It isn’t easy, is it? It isn’t easy to open our lives, ourselves to the deepest needs of others. It’s not like the things on our “to do” lists are optional. It’s not that we are TRYING to ignore the people in front of us who are aching for friendship, companionship, a good word, a hot meal. It’s just that there are all these other things we need to do first. It’s just that abiding with someone takes time, it takes an energy of the spirit that we just don’t think we have right now. Maybe once my finances are in order, I can help someone else with theirs. Maybe once I feel calm and refreshed, I can offer refreshment to another. Maybe once I have experienced the abiding love of another, I can abide with a stranger. Maybe once I have felt loved, I’ll know how to love others.

But then there comes this commandment again. “Love one another as I have loved you.” It’s not even “love one another when you feel my love for you.” Jesus doesn’t give us time to get it, to feel it, or to understand it. He doesn’t give us the excuse to wait until we have found love before we share it. He commands us to do right here, right now, because he knows love is more than a feeling. He also knows we may never get up and do it if it’s dependent on our experience or knowledge or feelings of preparedness. So, having loved us from the beginning, Jesus tells us to go out and love others. Actually, he doesn’t just tell us to do it, he tells us what it looks like and even shows us.

Love is what we do. Love is an action. Love is more than a feeling; it’s a sacrifice. Love is laying aside our schedules, our priorities, our preferences. Loving is putting down our comfort and our security to love other people. Love is active. Love is setting aside, but in setting aside it is also taking up, taking up the causes, the burdens, the pains, the injustices of others. Love is what we do with who we are.

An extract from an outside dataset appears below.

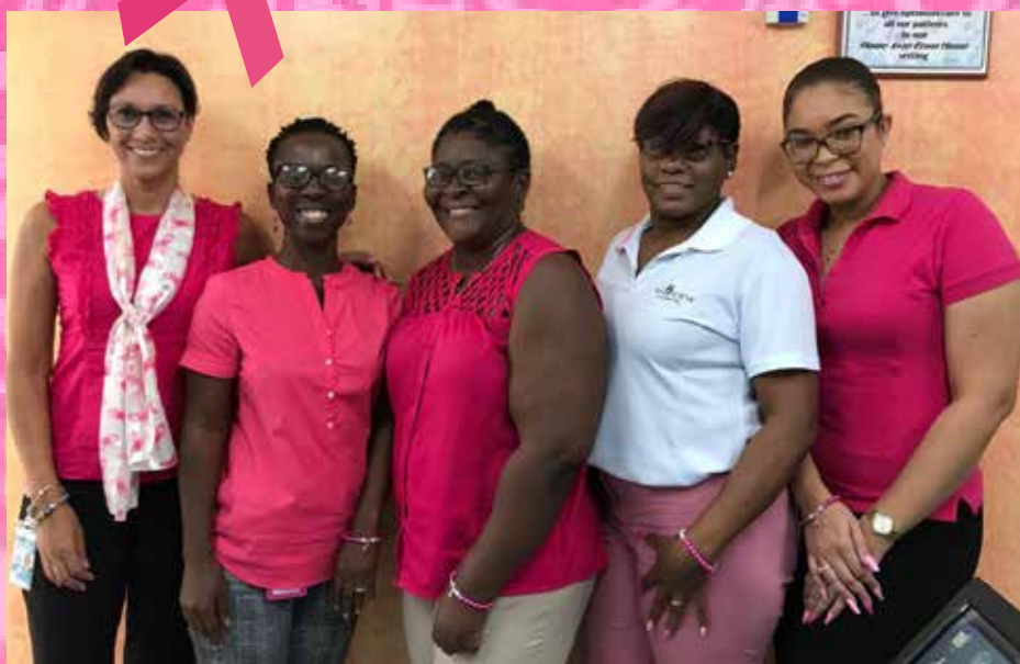
Breast Cancer Awareness Day

The gospels don’t tell us very much about what Jesus was feeling. Here and there we get a few snippets of his emotions – anger, frustration, tears and sorrow occasionally – but for the most part time isn’t spent reporting or speculating about what Jesus felt about what he encountered and experienced. The bulk of the time in the gospels is spent telling us what he said and what he did. The bulk of the time in the gospels is spent showing how Jesus shared the good news with the people he met, how he healed them of their injuries and ailments, how he included the people who were left out, how he fed the people who were hungry, how he gave living water to the people who were thirsty. We don’t know how Jesus felt while he was doing what he was doing, but we know by what he did that he loved.

Today in the United States is the day that has been set aside for honoring mothers. It’s a day of flowers and gifts and brunches and pampering for many, but it can also be a day of longing, confusion, and sorrow for others. Historically speaking, the latter is more appropriate to the founding of the holiday than the former.

Mother’s Day has varied roots throughout the world. Many different cultures and religions have a day set aside to honor and give thanks for those who bring forth life. In earlier Christian understandings Mother’s Day wasn’t even about human mothers, but about the Mother Church. In US religious history this understanding was dismissed by the Puritans who barely even celebrated with obvious joy Christmas and Easter, much less a holiday that celebrated the institution of the Church.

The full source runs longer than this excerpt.